Please keep pictures out and return the lines below exactly, from the one holding "(Photo Credit:Kengo Kuma" through the last, both included.

• Collected data:
• • • • • • •
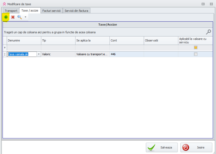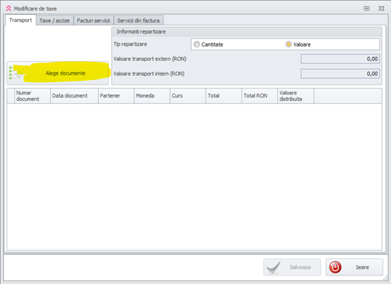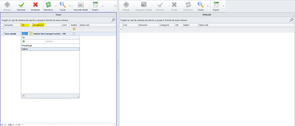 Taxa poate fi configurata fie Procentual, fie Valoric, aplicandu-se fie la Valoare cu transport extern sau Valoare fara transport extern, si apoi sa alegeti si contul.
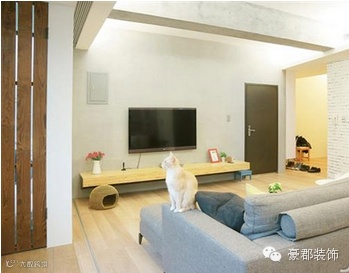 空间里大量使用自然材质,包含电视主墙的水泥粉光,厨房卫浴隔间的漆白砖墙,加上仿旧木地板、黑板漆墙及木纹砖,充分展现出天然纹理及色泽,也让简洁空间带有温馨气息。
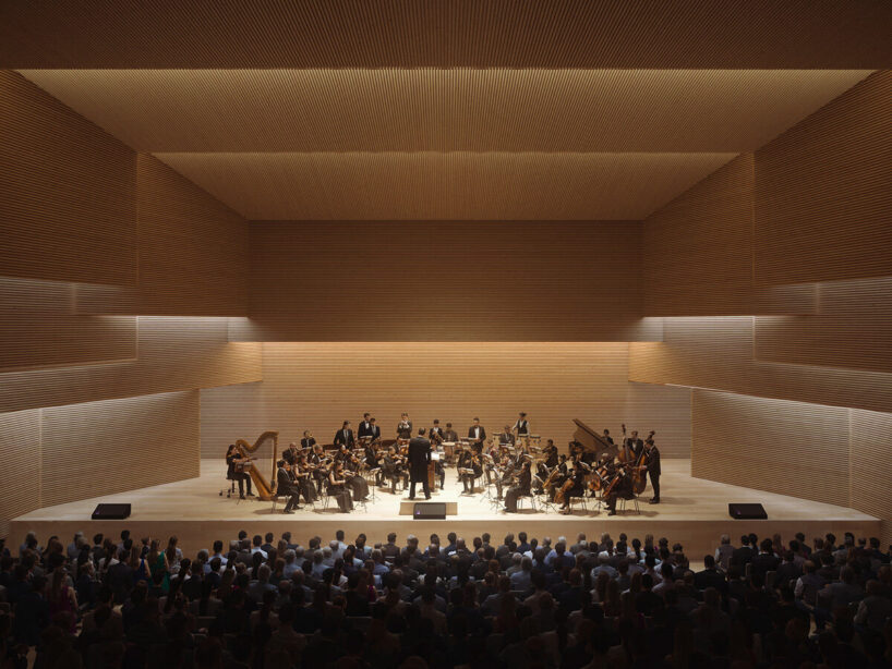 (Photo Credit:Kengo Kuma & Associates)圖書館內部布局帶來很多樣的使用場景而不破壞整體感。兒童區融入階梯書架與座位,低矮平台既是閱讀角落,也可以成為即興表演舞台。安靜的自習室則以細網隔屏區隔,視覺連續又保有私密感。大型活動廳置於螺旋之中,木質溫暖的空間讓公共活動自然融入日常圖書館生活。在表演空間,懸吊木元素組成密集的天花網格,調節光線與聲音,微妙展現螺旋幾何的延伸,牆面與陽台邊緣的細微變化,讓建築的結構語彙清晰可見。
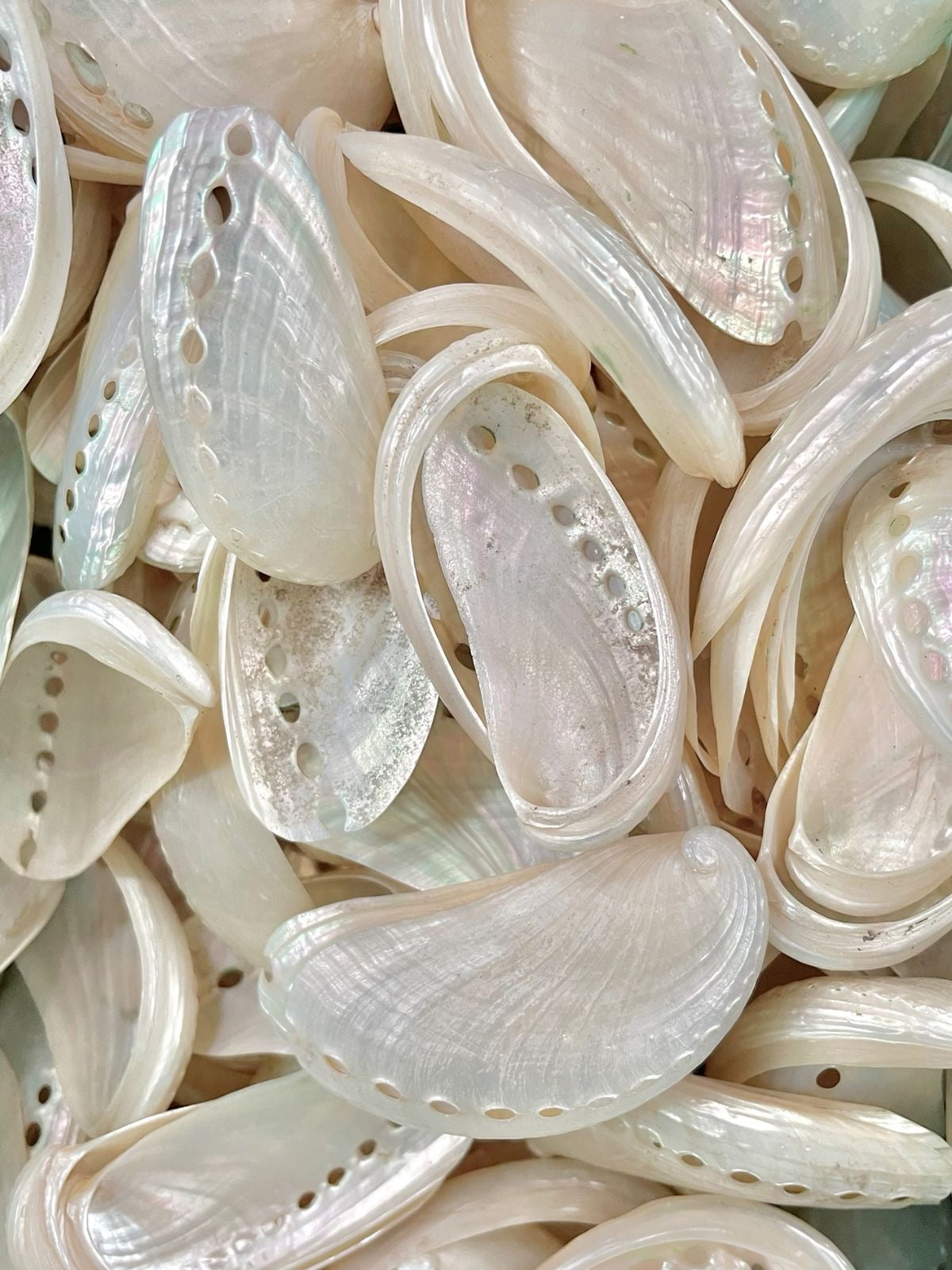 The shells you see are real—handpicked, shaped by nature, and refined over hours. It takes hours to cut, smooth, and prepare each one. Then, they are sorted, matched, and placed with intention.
• • • • • • •
• Problem solution:
 (Photo Credit:Kengo Kuma & Associates)圖書館內部布局帶來很多樣的使用場景而不破壞整體感。兒童區融入階梯書架與座位,低矮平台既是閱讀角落,也可以成為即興表演舞台。安靜的自習室則以細網隔屏區隔,視覺連續又保有私密感。大型活動廳置於螺旋之中,木質溫暖的空間讓公共活動自然融入日常圖書館生活。在表演空間,懸吊木元素組成密集的天花網格,調節光線與聲音,微妙展現螺旋幾何的延伸,牆面與陽台邊緣的細微變化,讓建築的結構語彙清晰可見。
 The shells you see are real—handpicked, shaped by nature, and refined over hours. It takes hours to cut, smooth, and prepare each one. Then, they are sorted, matched, and placed with intention.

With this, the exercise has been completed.